The task
Only the lines below from the one containing "为了紧扣党史学习教育主题,引" through the one containing "Desde allá se" belong in the answer, repeated exactly and without pictures.

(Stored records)
=== Section Start ===
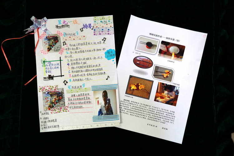学了《声现象》以后,同学们探究乐器的发声原理,探究乐音的特性,利用生活中常见的材料和废弃物品自制简易乐器,同学们制作的乐器有:三弦、笛子、排琴、风铃、二胡、小鼓、吉他、小号、小提琴、箫等,它们发出的声音有强有弱,有高有低,有的浑厚,有的清脆,制作精美,可以演奏出美妙的弦律,同学们通过亲自动手制作体验了探究的乐趣,通过动手实践使课内的知识学以致用,迸发出思维创新的火花……
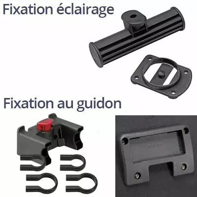 La sacoche Allrounder Touring est la première sacoche à pouvoir accueillir un feu en dessous. Grâce à une fixation pour éclairage fournie, il est possible d’installer en quelques secondes et sans outils une à deux lumières pour vélo. Ainsi, le cycliste s’assure une excellente visibilité à vélo. Une sécurité nécessaire accentuée par les réflécteurs placés à l’avant de la sacoche. Très simple d’installation sur le guidon, la sacoche est livrée sans la fixation sur cintre vélo Klickfix. À savoir que le support de fixation sur le cintre dispose d’un diamètre de 24.5 mm. D’autres fixations de la marque sont compatibles : attache Klickfix sécurisée et des attache guidon Klickfix pour vélo électrique.
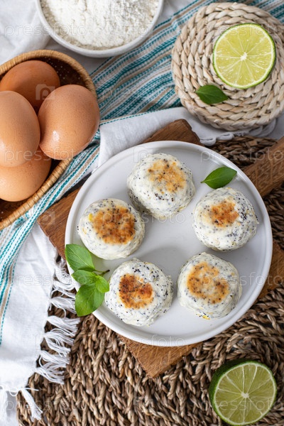 Сырники с маком, яйцами, мукой и лаймом, подаваемые на деревенской тарелке для завтрака
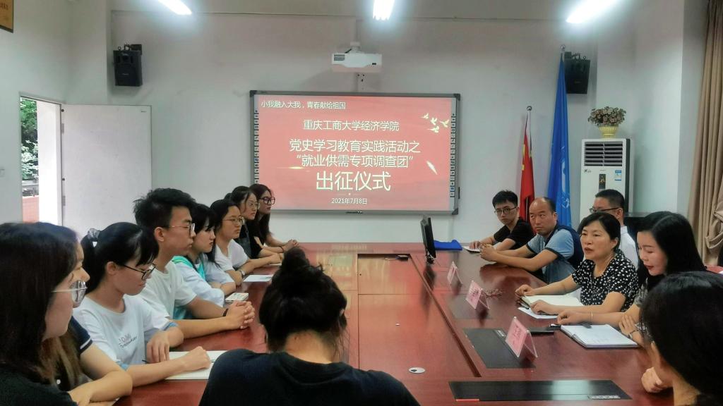 为了紧扣党史学习教育主题,引导经济学子从中国共产党的非凡历程中深切感受马克思主义的真理力量和实践力量。yl34511线路中心于7月8日上午在田家炳404会议室举行了“小我融入大我,青春献给祖国”党史学习教育实践活动之“就业供需专项调查团”出征仪式。yl34511线路中心分党委书记李自维教授、副书记、副院长王燕教授、副院长朱沙教授,应用经济系主任李然博士、副主任刘斌博士及教师代表,学生代表,党史学习教育实践活动之“就业供需专项调查团”全体成员参加了本次出征仪式,活动由学工办主任、分团委书记林新竹主持。
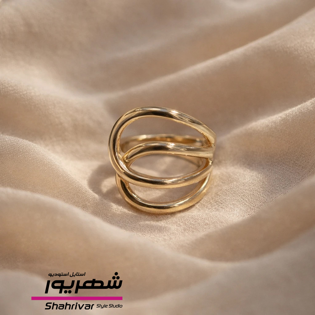 انگشتر ژوپینگ زنانه طلایی جواهری سه خط
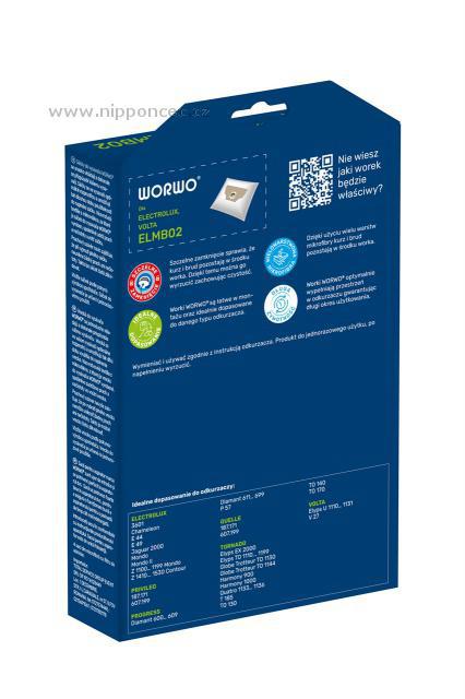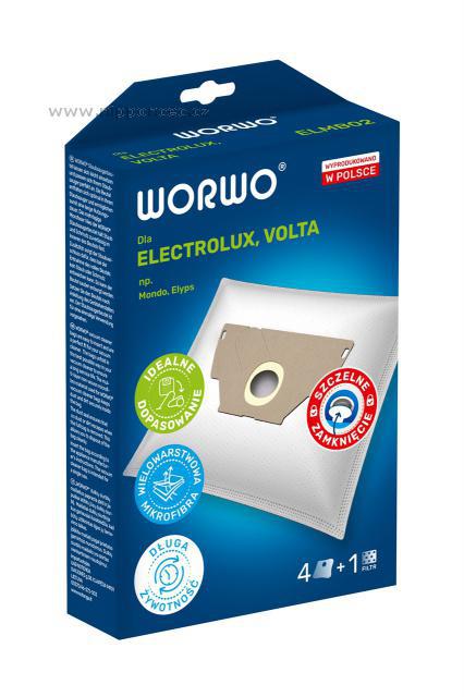 Sáčky do vysavače Worwo ELMB02 mikrovlákno 4ks Sáčky Worwo ELMB02 (dříve ELMB02K) jsou vyrobené z mikrovlákna (netkané textilie, SMS aj.), 4ks v balení a 2ks přesně střižených filtrů. Sáčky do vysavačů z mikrovlákna jsou kompatibilní pro značení ELECTROLUX E44, ELECTROLUX ES49, ELECTROLUX E49N, SWIRL E84, JOLLY E2 MAX a jsou vhodné např. k vysavačům: ELECTROLUX Mondo Z 1100 až 1190, ELECTROLUX Mondo Z 1126, ELECTROLUX Mondo 1128, ELECTROLUX Mondo Z 1161, ELECTROLUX Mondo Z 1176, ELECTROLUX Mondo Z 1190, MIOSTAR, PROGRESS, TORNADO E49, VOLTA Elyps V27a další...Speciální vícevrstvý materiál sáčku do vysavače Worwo ELMB02 zajistí zvýšený sací výkon vysavače i v případě částečného zaplnění sáčku, kdy u papírových sáčků vlivem ucpávání mikropórů výkon vysavače přirozeně klesá = sáček nemusíte tak často měnit. Sáčky z mikrovlákna jsou schopny zachytit prachové částice o velikosti 0,3 mikronu, jejich používáním prodloužíte životnost HEPA filtru vysavače u výstupu vzduchu. Stejně tak je emise prachu z vysavače snížena na 0,01 % . Obecně filtrují mikrovlákenné sáčky až o 40% lépe, než klasický papírový sáček.
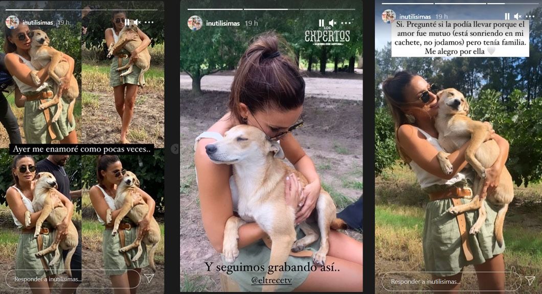 Desde allá se sacó unas fotos y aseguró que se enamoró. La morocha encontró un perro entre la cosecha de parras. El perro hasta se mostró sonriendo con ella.
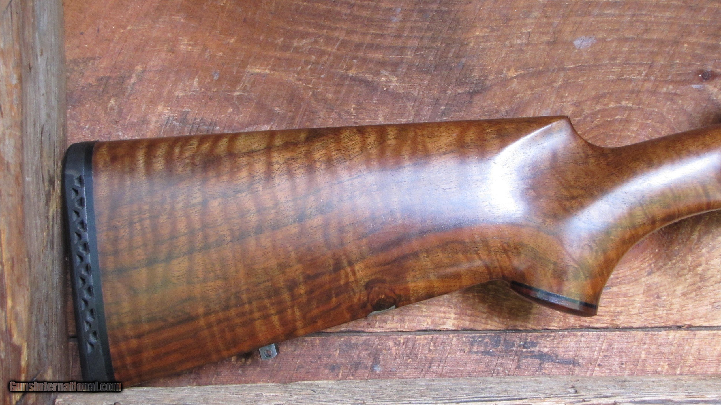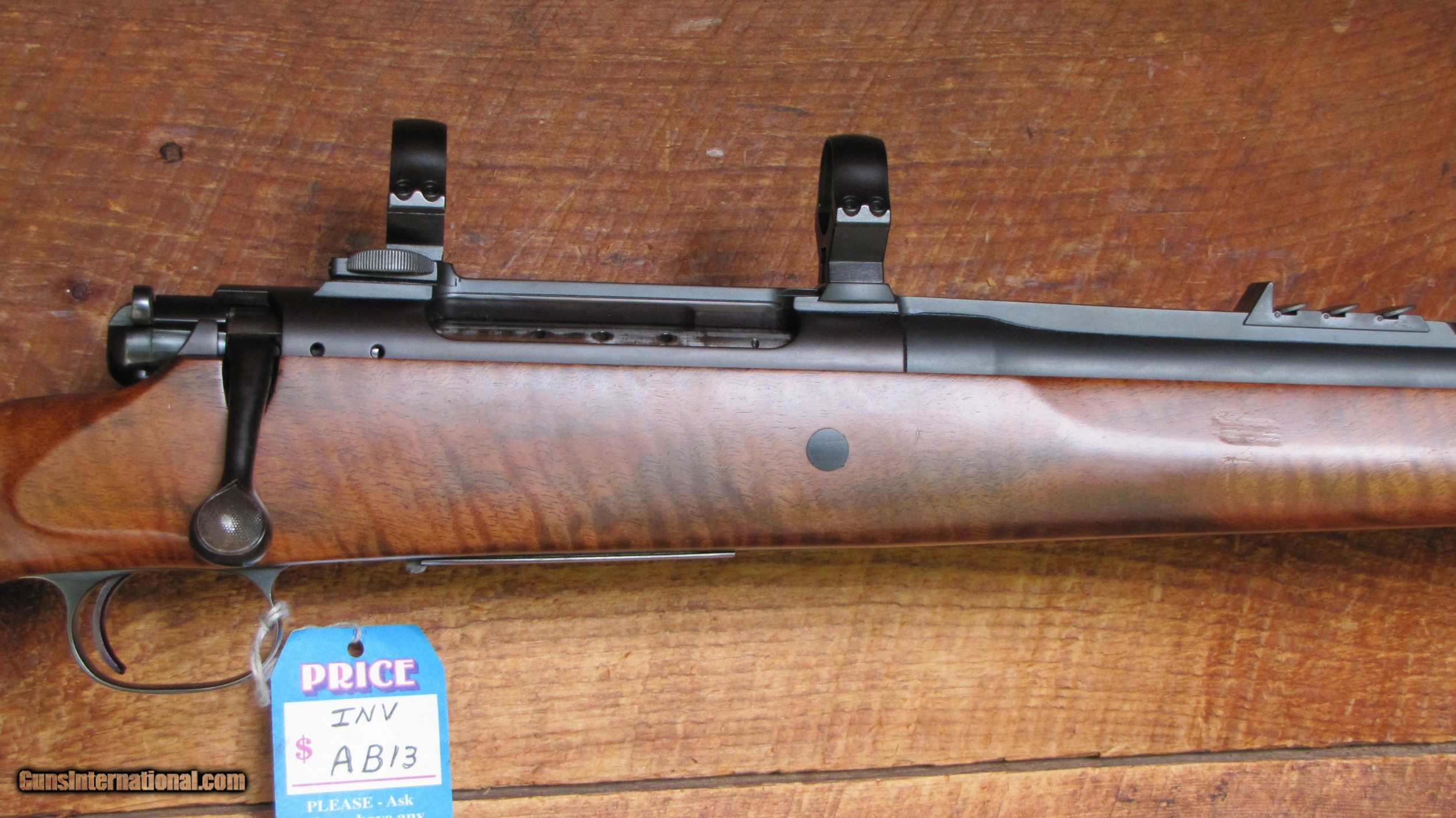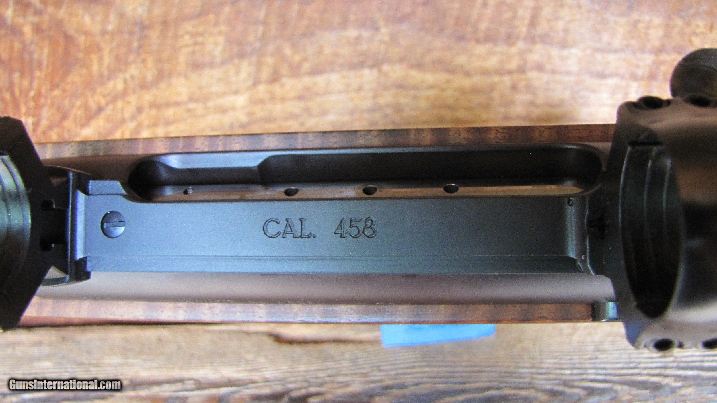 Description: Here is a beautiful rifle! It is a Schultz & Larsen M54J that has been custom gunsmithed into a very fine dangerous game rifle and is chambered in 458 Win Mag. The rifle has had a lot of work done to it to make it the fine rifle you see today. Lou Alessandri and Son in Rehobath Mass didi the custom work. It has been restocked in a beautiful piece of Walnut. Rebarreled and chambered in 458 Win Mag. The action has had an extra recoild point added to the rear of the received to protect the stock. A rib with 4 leaf (1 standing, 3 folding) express sight was added. The rib also has integral claw scope bases and a fitted set of rings is included. The stock has a nice silver shiel inlay with no markings on it yet. The bolt knob has been checkered. A 4th recoil point has been added in the form of a barrel band to which the front sling swivel attaches. The trigger is excellent. This rifle has some handling and use marks and a bunch of small marks on the cheek rest, probably from firing while wearing ear muff hearing protectors. Overall a fantastic, powerful rifle that can handle anything you throw at it. Just add the scope of your choice and set off to regions unknown! We are required to charge 8.25% Sales Tax for Texas residents. There is a 3.5% fee if paying by credit card. SOLD Rifle Caliber: .458 Winchester Magnum Manufacturer: Schultz & Larsen Model: M54J Serial Number: 2028 Barrel Length: 24 Condition: Very Good Metal Condition: Excellent Wood Condition: Very Good Bore Condition: Excellent |
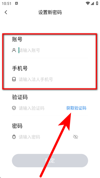 2、在设置新密码页面,在输入框输入手机号,点击获取验证码。
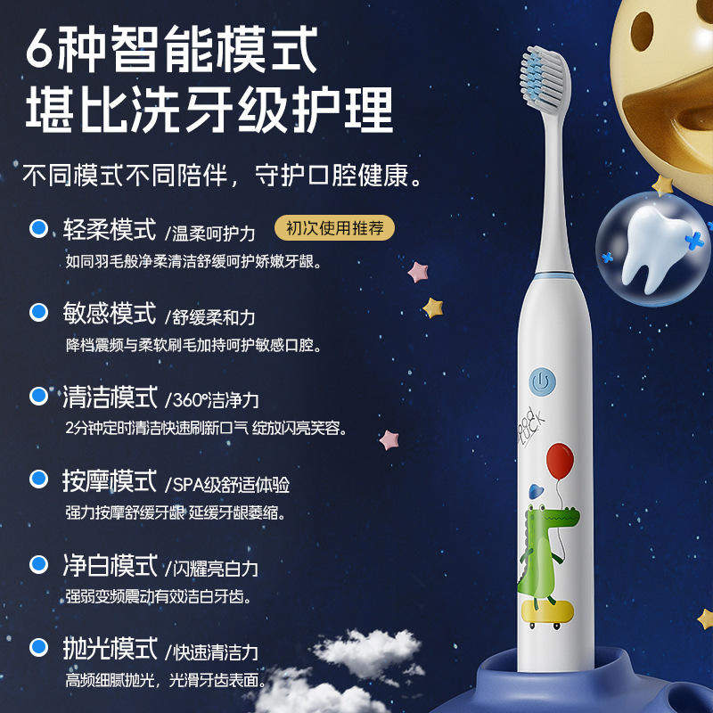 新品儿童牙刷卡通声波式牙刷电动软毛充电式儿童电动牙刷
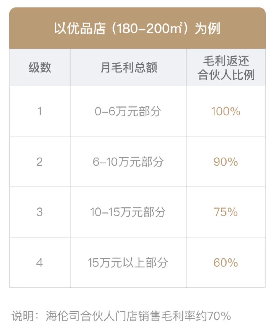 同样以180-200㎡的优品店为例,当月毛利总额在6万元以下,海伦司将100%退还毛利,当毛利总额在6-10万元之间时,海伦司将收取10%的毛利分成;毛利总额在10-15万元之间的,收取25%;当月毛利总额在15万元以上的,海伦司公司将收取40%的毛利。
=== Section End ===
Task answer
 为了紧扣党史学习教育主题,引导经济学子从中国共产党的非凡历程中深切感受马克思主义的真理力量和实践力量。yl34511线路中心于7月8日上午在田家炳404会议室举行了“小我融入大我,青春献给祖国”党史学习教育实践活动之“就业供需专项调查团”出征仪式。yl34511线路中心分党委书记李自维教授、副书记、副院长王燕教授、副院长朱沙教授,应用经济系主任李然博士、副主任刘斌博士及教师代表,学生代表,党史学习教育实践活动之“就业供需专项调查团”全体成员参加了本次出征仪式,活动由学工办主任、分团委书记林新竹主持。
 انگشتر ژوپینگ زنانه طلایی جواهری سه خط
 Sáčky do vysavače Worwo ELMB02 mikrovlákno 4ks Sáčky Worwo ELMB02 (dříve ELMB02K) jsou vyrobené z mikrovlákna (netkané textilie, SMS aj.), 4ks v balení a 2ks přesně střižených filtrů. Sáčky do vysavačů z mikrovlákna jsou kompatibilní pro značení ELECTROLUX E44, ELECTROLUX ES49, ELECTROLUX E49N, SWIRL E84, JOLLY E2 MAX a jsou vhodné např. k vysavačům: ELECTROLUX Mondo Z 1100 až 1190, ELECTROLUX Mondo Z 1126, ELECTROLUX Mondo 1128, ELECTROLUX Mondo Z 1161, ELECTROLUX Mondo Z 1176, ELECTROLUX Mondo Z 1190, MIOSTAR, PROGRESS, TORNADO E49, VOLTA Elyps V27a další...Speciální vícevrstvý materiál sáčku do vysavače Worwo ELMB02 zajistí zvýšený sací výkon vysavače i v případě částečného zaplnění sáčku, kdy u papírových sáčků vlivem ucpávání mikropórů výkon vysavače přirozeně klesá = sáček nemusíte tak často měnit. Sáčky z mikrovlákna jsou schopny zachytit prachové částice o velikosti 0,3 mikronu, jejich používáním prodloužíte životnost HEPA filtru vysavače u výstupu vzduchu. Stejně tak je emise prachu z vysavače snížena na 0,01 % . Obecně filtrují mikrovlákenné sáčky až o 40% lépe, než klasický papírový sáček.
 Desde allá se sacó unas fotos y aseguró que se enamoró. La morocha encontró un perro entre la cosecha de parras. El perro hasta se mostró sonriendo con ella.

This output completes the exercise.